▶ **DATA EXCERPT**

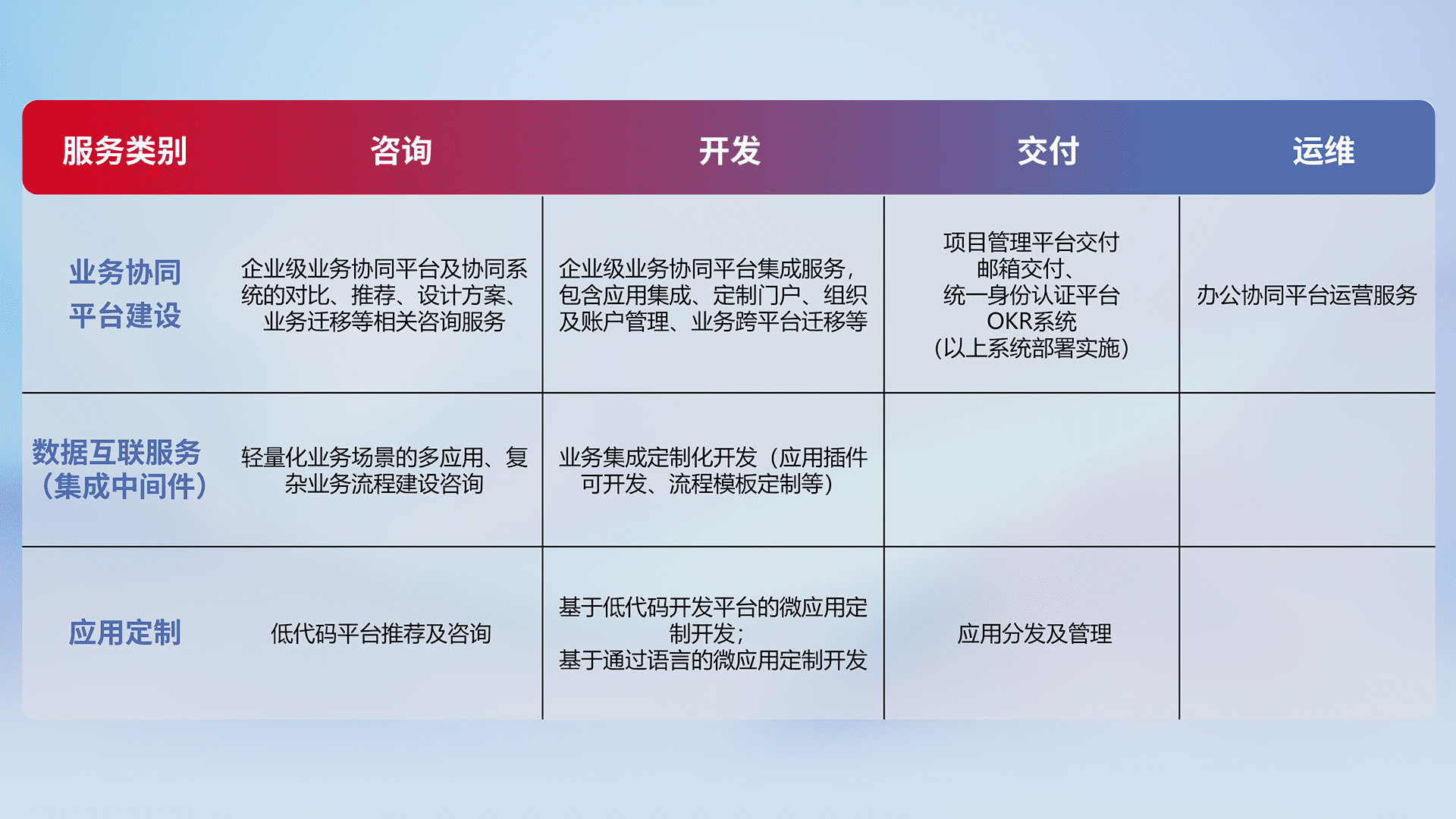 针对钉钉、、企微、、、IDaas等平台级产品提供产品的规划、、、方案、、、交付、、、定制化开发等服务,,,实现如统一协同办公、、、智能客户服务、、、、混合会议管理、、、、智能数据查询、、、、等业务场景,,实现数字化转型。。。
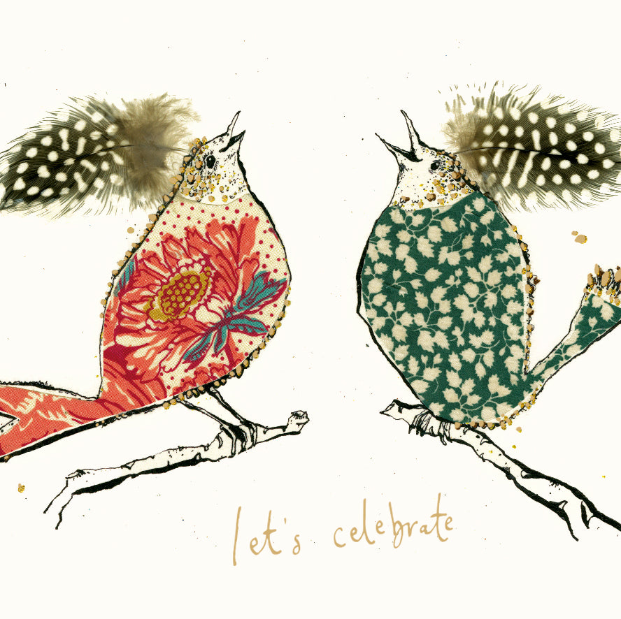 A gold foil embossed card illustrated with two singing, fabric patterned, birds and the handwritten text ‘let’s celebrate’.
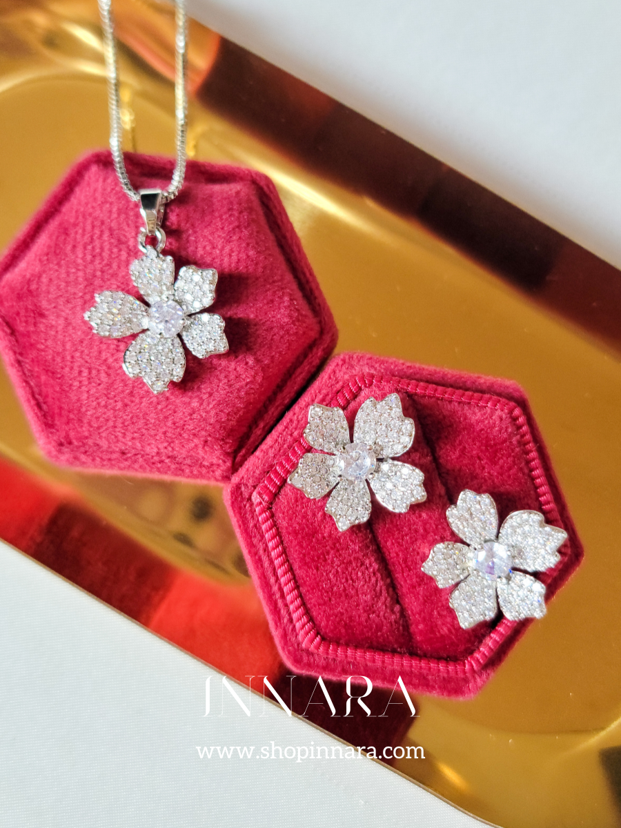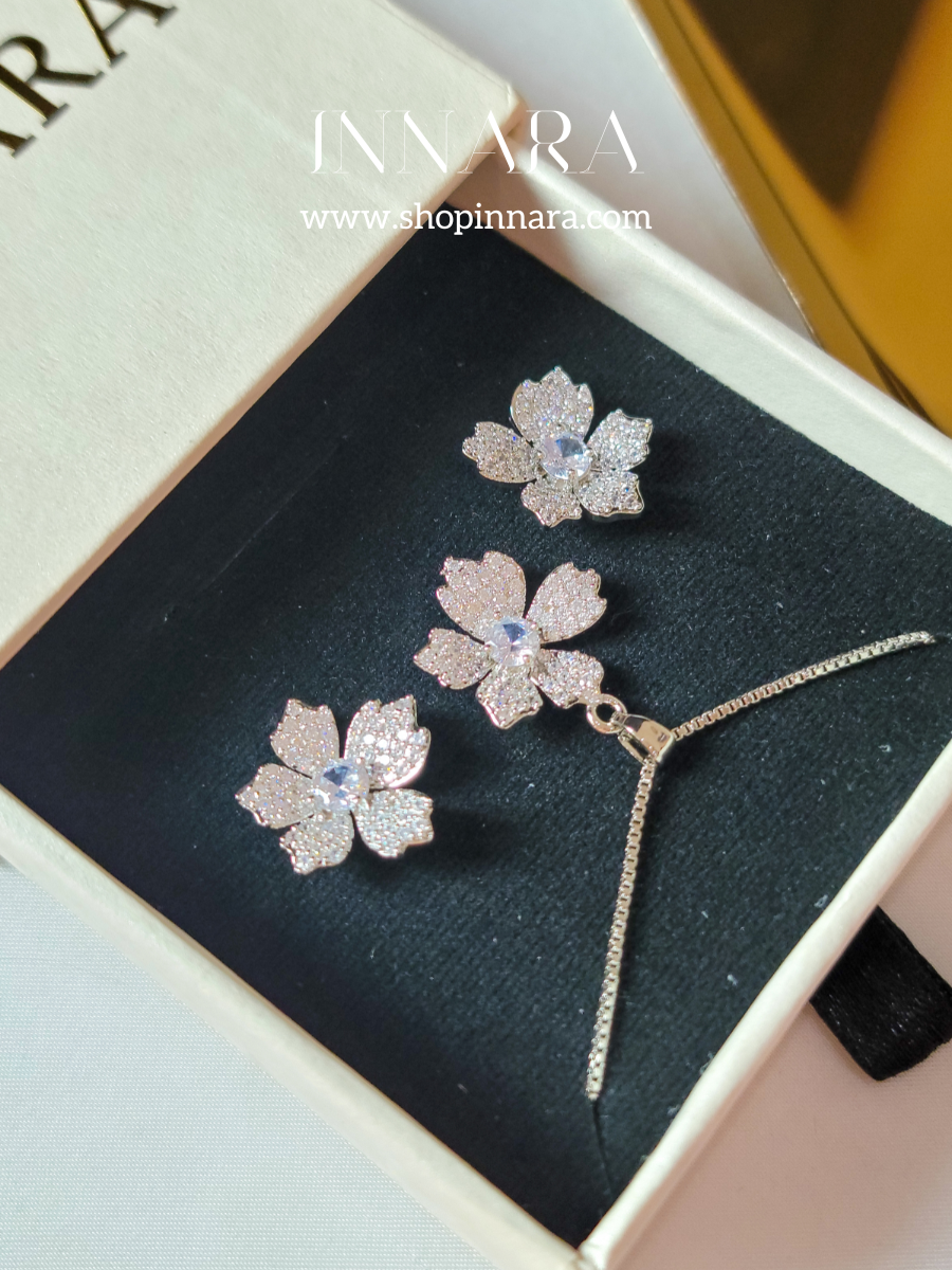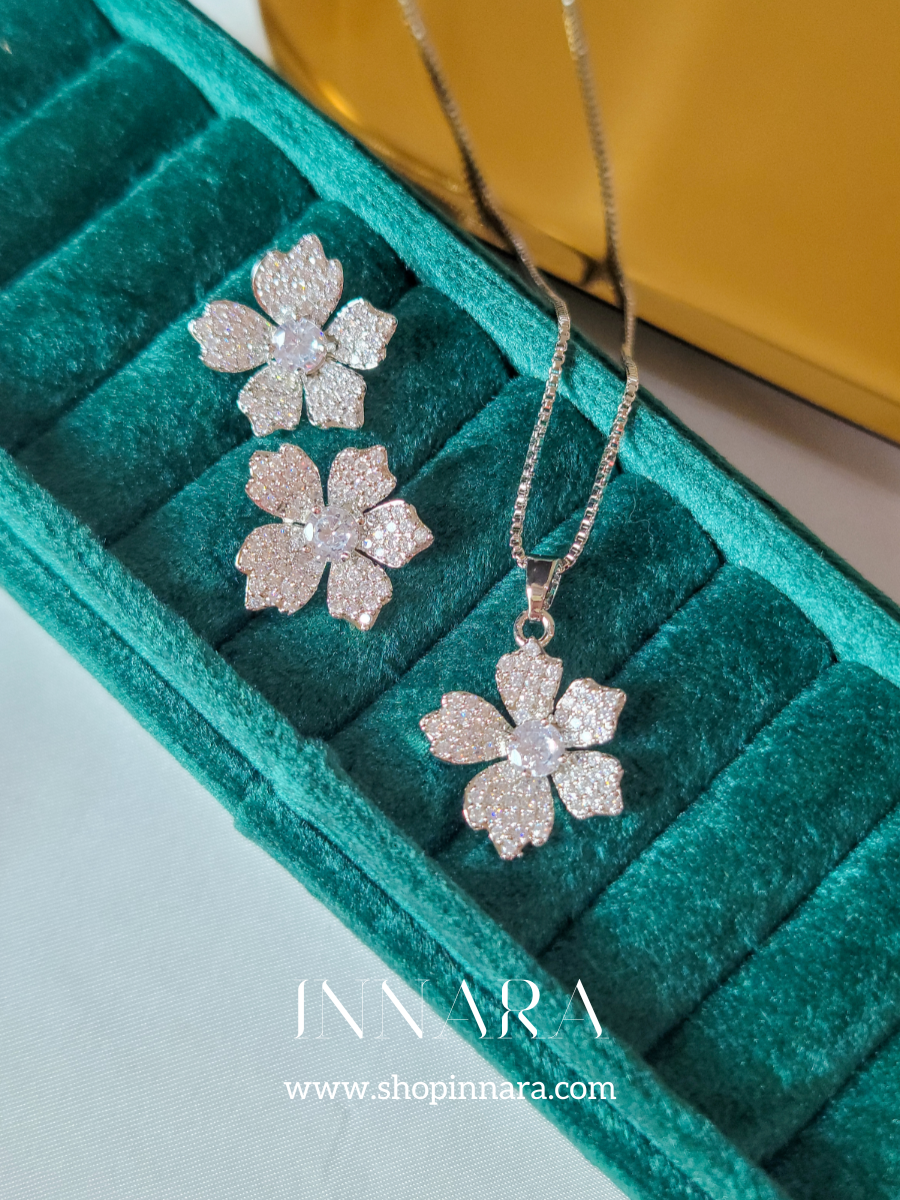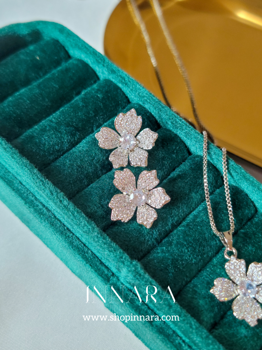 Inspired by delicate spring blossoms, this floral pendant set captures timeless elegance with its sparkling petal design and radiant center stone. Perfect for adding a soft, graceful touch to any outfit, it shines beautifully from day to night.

▶ **WHAT TO PRODUCE**
In the data above, find the line with "A gold foil" and repeat it and every line after it through the end, exactly; leave the pictures out.

▶ **OUTPUT FOR THIS TASK**
 A gold foil embossed card illustrated with two singing, fabric patterned, birds and the handwritten text ‘let’s celebrate’.
 Inspired by delicate spring blossoms, this floral pendant set captures timeless elegance with its sparkling petal design and radiant center stone. Perfect for adding a soft, graceful touch to any outfit, it shines beautifully from day to night.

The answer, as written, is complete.